Thursday, May 14, 2009

Urban heat

I believe I was reading The Satanic Gases when I came across an interesting explanation for the rise in temperature readings used as evidence of climate change -- urban development. It's basically a variation on the urban heat island effect.

Let's say you set up a temperature guage in a pastoral, rural location. Years go by and development takes place. Asphalt gets spread, concrete is poured and buildings replace lush fields and shady trees. Given that such things tend to trap heat it would logically raise the heat by a slight amount over what it might overwise have been. As this graph illustrates even an increase in half a degree can be considered a big deal:

I thought about that when I read this interview with John Christy, a climatologist that does not accept money from the oil industry to fund his research. Christy is a proponent of the heat effect theory which is nicely summarized here:
His most controversial argument is that the surface temperature readings upon which global warming theory is built have been distorted by urbanization. Due to the solar heat captured by bricks and pavement and due to the changing wind patterns caused by large buildings, a weather station placed in a rural village in 1900 will inevitably show higher temperature readings if that village has, over time, been transformed into small city or a suburban shopping district, Christy says.
The only way to control for such surface distortions is by measuring atmospheric temperatures. And when Christy and his co-researcher Roy Spencer, a former NASA scientist now teaching at UA-Huntsville, began analyzing temperature readings from NOAA and NASA satellites, they found much slighter increases in atmospheric temperatures than what was being recorded on the surface. Clark and Spencer also found that nearly all the increases in average surface temperatures are related to nighttime readings - which makes sense if bricks and pavement are in fact retaining heat that would otherwise be dispersed.
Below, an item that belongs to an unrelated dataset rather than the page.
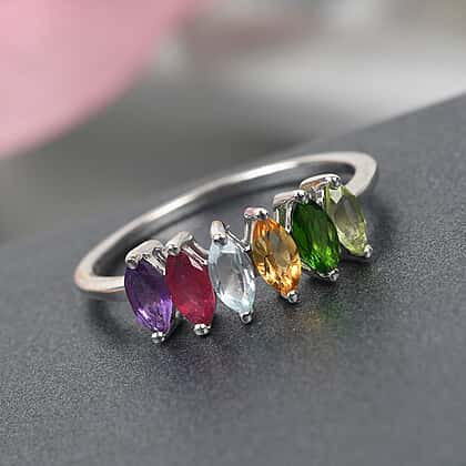 Ruby Chrome Diopside Peridot and Multi Gemstone 6 Stone Ring in Platinum Plated Sterling Silver
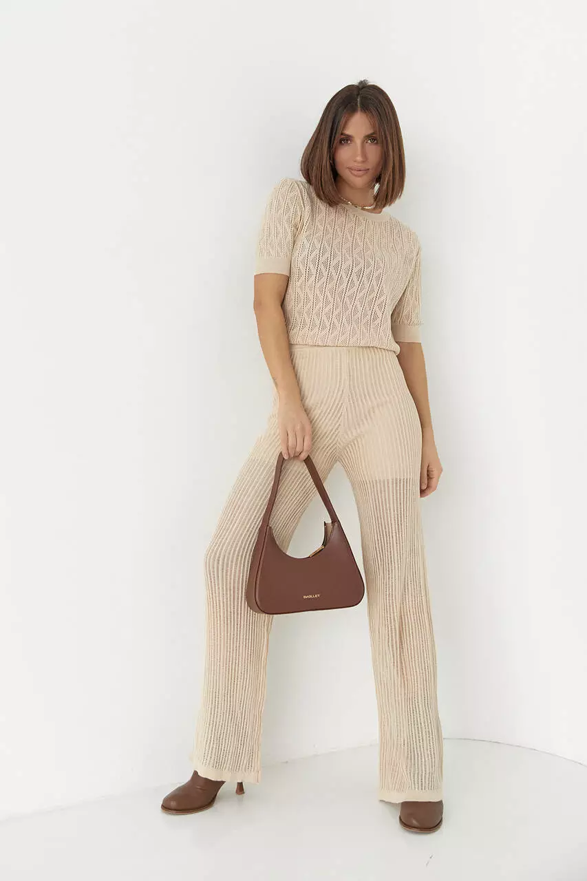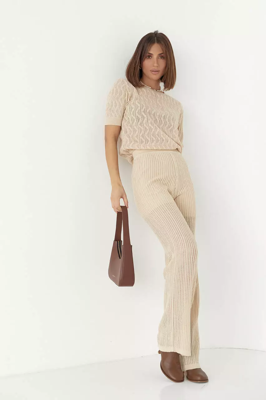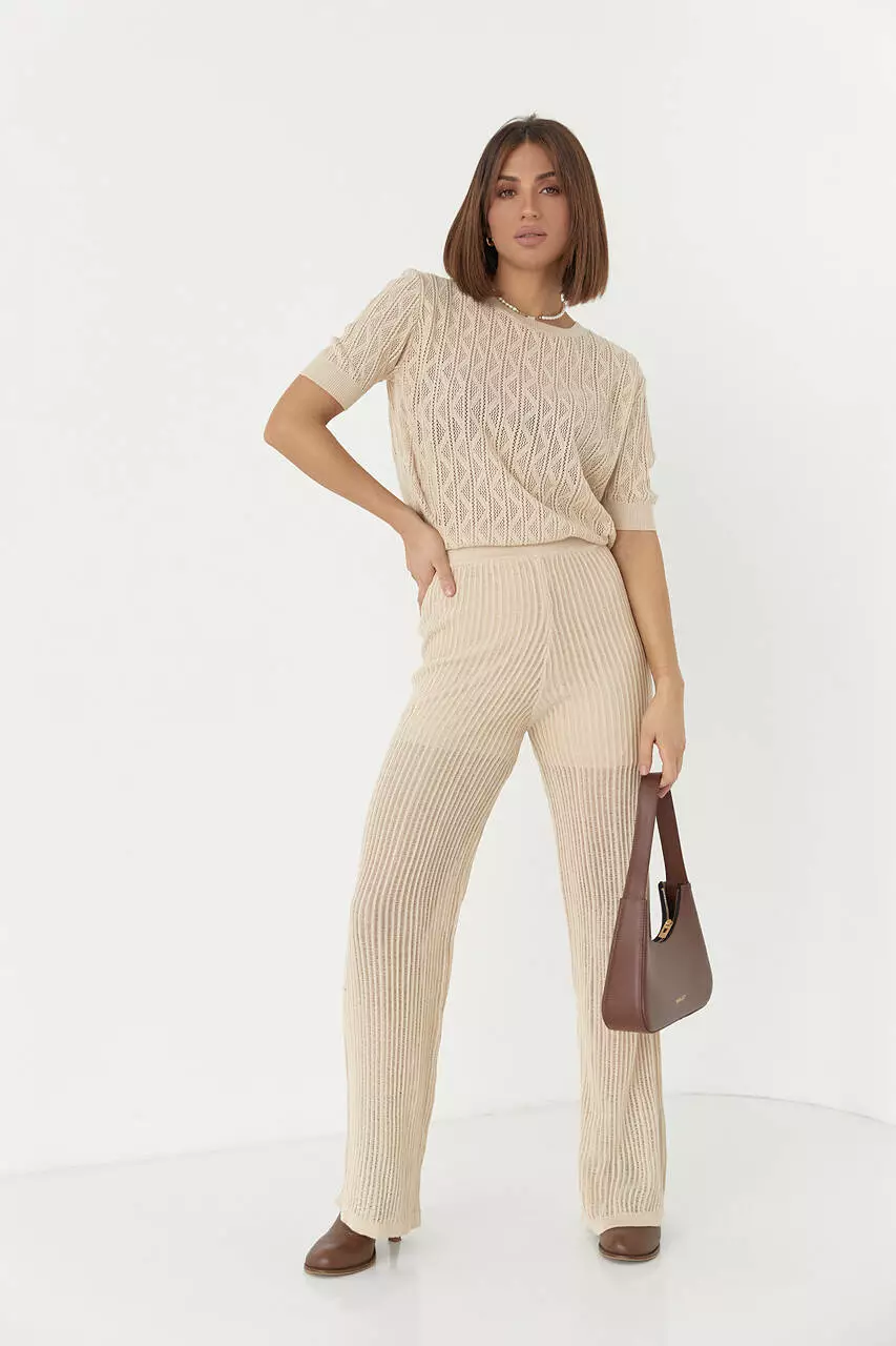 Создавать трендовые образы с максимальным комфортом в новом сезоне тебе поможет стильный брючный костюм с ажурной вязки.

In testimony to the House Ways and Means Committee in February, Christy displayed a chart showing central California temperature trends for both the developed San Joaquin Valley and the largely undeveloped Sierra foothills. "The daytime temperatures of both regions show virtually no change over the past 100 years, while the nighttime temperatures indicate the developed Valley has warmed significantly while the undeveloped Sierra foothills have not," Christy told the committee.
Global warming may very well be occurring. But I remain unconvinced about the contributions of mankind to any such phenomenon, it's alleged severity or the cost-benefit of most of the proposed solutions. Indeed, as Christy says:
The problem is that the solutions being offered don't provide any detectable relief from this so-called catastrophe. Congress is now discussing an 80% reduction in U.S. greenhouse emissions by 2050. That's basically the equivalent of building 1,000 new nuclear power plants all operating by 2020. Now I'm all in favor of nuclear energy, but that would affect the global temperature by only seven-hundredths of a degree by 2050 and fifteen hundredths by 2100. We wouldn't even notice it.
When confronted with hysteria and doom mongering I believe the best policy is to discount it, be that with regard to the rantings of Al Gore about climate change or those on the right who think that Iranian possession of nuclear weapons guarantees a new holocaust.

1 comment:

Josh said...

Check out http://www.surfacestations.org/

Their goal seems to be to review every surface station in the USHCN that is used to track surface temperature.

They have found many that violate the stated rules for where to place temperature stations (some are on airport grounds near runways). Other locations show significant urban development around the stations.

The Climate Change debate is quite interesting because even the baseline claim that the globe is warming is a subjective assertion and not a fact. Personally I see evidence that the globe was warming for roughly 20 years ending a few years ago and is now cooling. However, there's serious uncertainty as to how much given the accuracy and methods used to calculate global temperatures.